I’ve got a 5 year old DD. She’s generally a nice kid and is usually quite happy, kind, caring to others, etc. Not perfect but no cause for concern anywhere in particular.
But she gets terribly upset very easily when playing with particular other kids. I cannot figure out how to manage it or what to say to her to avert the massive strop.
It’s usually when the other child points out that they are better/cleverer/stronger than her. I think she’s reacting to the divisiveness of it rather than actually being upset at losing - as she doesn’t really get upset at losing games, making mistakes, and usually seems happy for her classmates when they win something or get a certificate etc.
It’s a little difficult because the threw kids I’m thinking of in particular are madly competitive and can’t do anything without pointing out how good they are at it. So there’s a pattern in their friendship that’s becoming quite predictable.

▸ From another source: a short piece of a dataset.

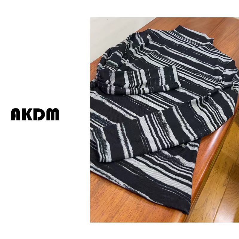 AKDM条纹长袖半高领高弹打底小衫女秋冬款T恤5855
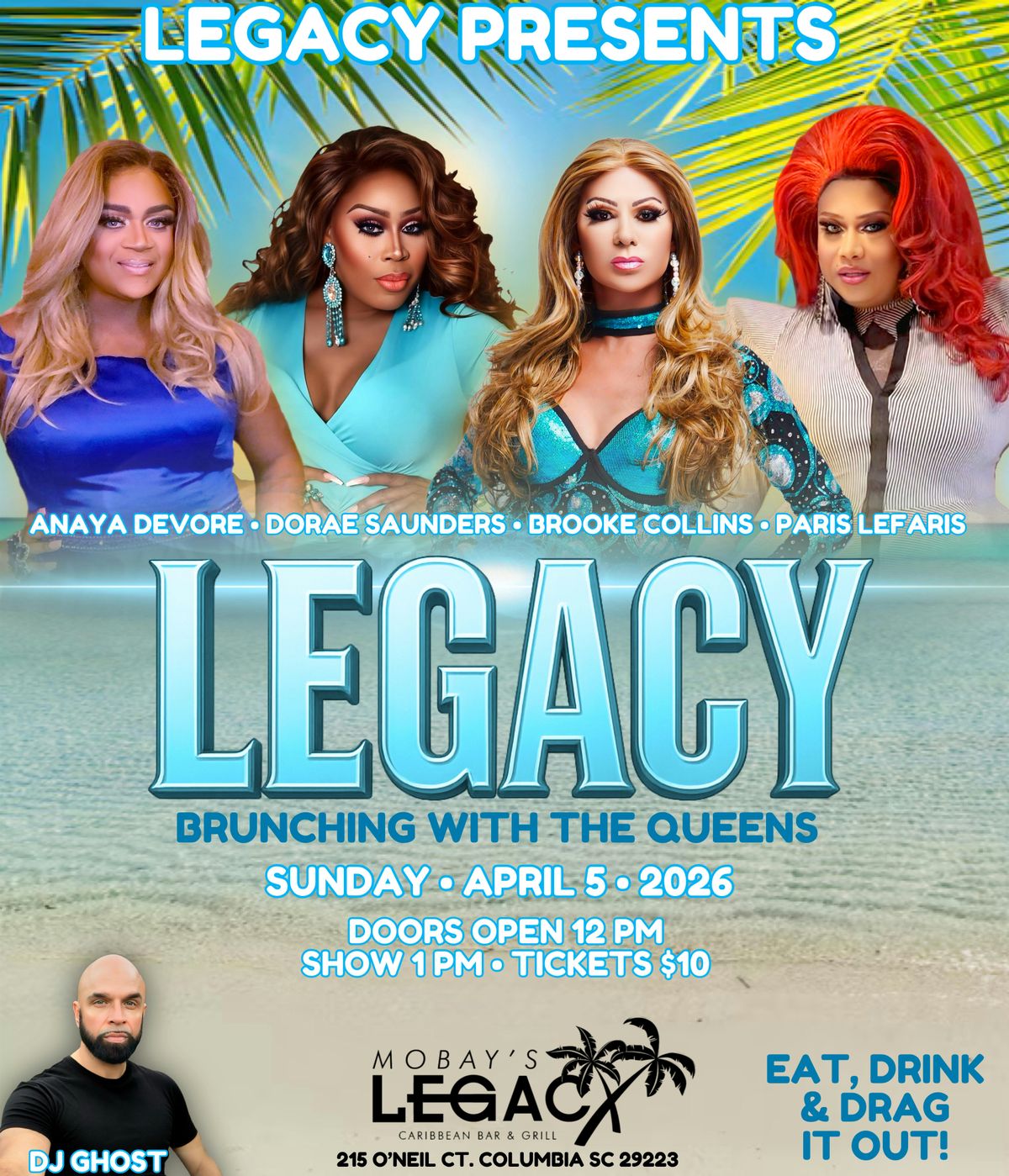 SUNDAY, APRIL 5, 2026 Join us at Legacy Caribbean Bar & Grille for a fantastic drag brunch!

But I need to figure out how to help my DD not go off on one whenever it happens! She’s great at plenty of things and is usually quite proud of herself, but she goes to pieces when another child points out they’re better at X (some arbitrary thing that only five year olds care about, like braking on their bikes or standing on one leg!)
I’ve read so many great tips on MN over the years that I thought some of you might have some good pearls of wisdom about what to say in the moment, or also how to speak to DD about it afterwards so she can ignore it next time. Thank you in advance!
P.s. The context is usually the other children’s parents are there but haven’t noticed the comments made by their child so mine just seems out of the blue having a tantrum. I like the parents of all the children so don’t want it to become A Thing if I can help it.